Human Gene Therapy 

Current Context : Recently, Department of Biotechnology (DBT), along with the Centre for Stem Cell Research (CSCR) develops 1st human gene therapy for Haemophilia A

• Uses a lentiviral vector to introduce a normal copy of the Factor VIII gene into autologous hematopoietic stem cells (HSCs).

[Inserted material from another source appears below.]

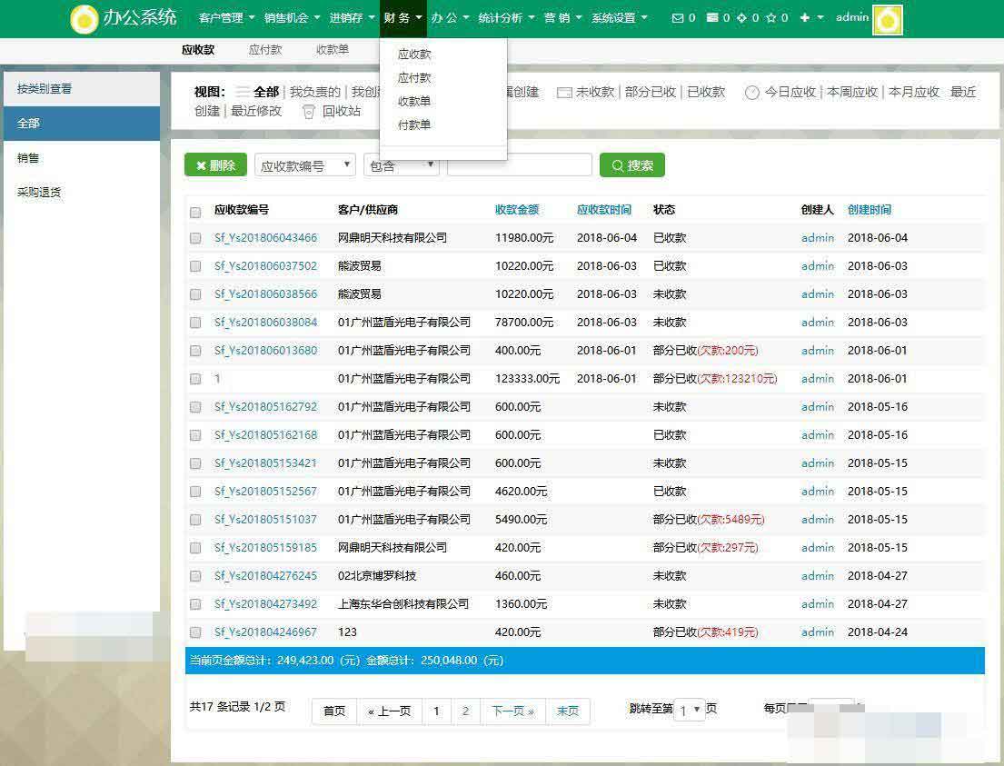 4、应收款创建完成之后,可设置不同时间回款计划(到期会有站内信提醒);

About Lentiviral Vectors and HSCs:

• Lentiviral Vectors: A type of viral vector used to transfer genetic material into cells.
• Hematopoietic Stem Cells (HSCs): Multipotent cells capable of developing into all blood cell types.

About Gene Therapy :

• Technique using genes to treat, prevent, or cure diseases.
• Methods: Replaces faulty genes, deactivates harmful ones, or introduces new genes.
• Products Used: Plasmid DNA, gene editing technologies (e.g., CRISPR-Cas9).
• Types of Gene Therapy:
  • Germline Gene Therapy: Modifies egg or sperm cells; changes are heritable.
  • Somatic Cell Gene Therapy: Targets non-reproductive cells, affecting only the treated individual.

Significance :

• Treats inherited genetic diseases(e.g., sickle cell disease).
• Addresses acquired disorders(e.g., leukemia).

About Haemophilia:

• Rare disorder affecting blood clotting.
• Prevalence: India bears the second-largest burdenof haemophilia globally.
• Haemophilia A: Caused by a deficiency of clotting Factor VIII.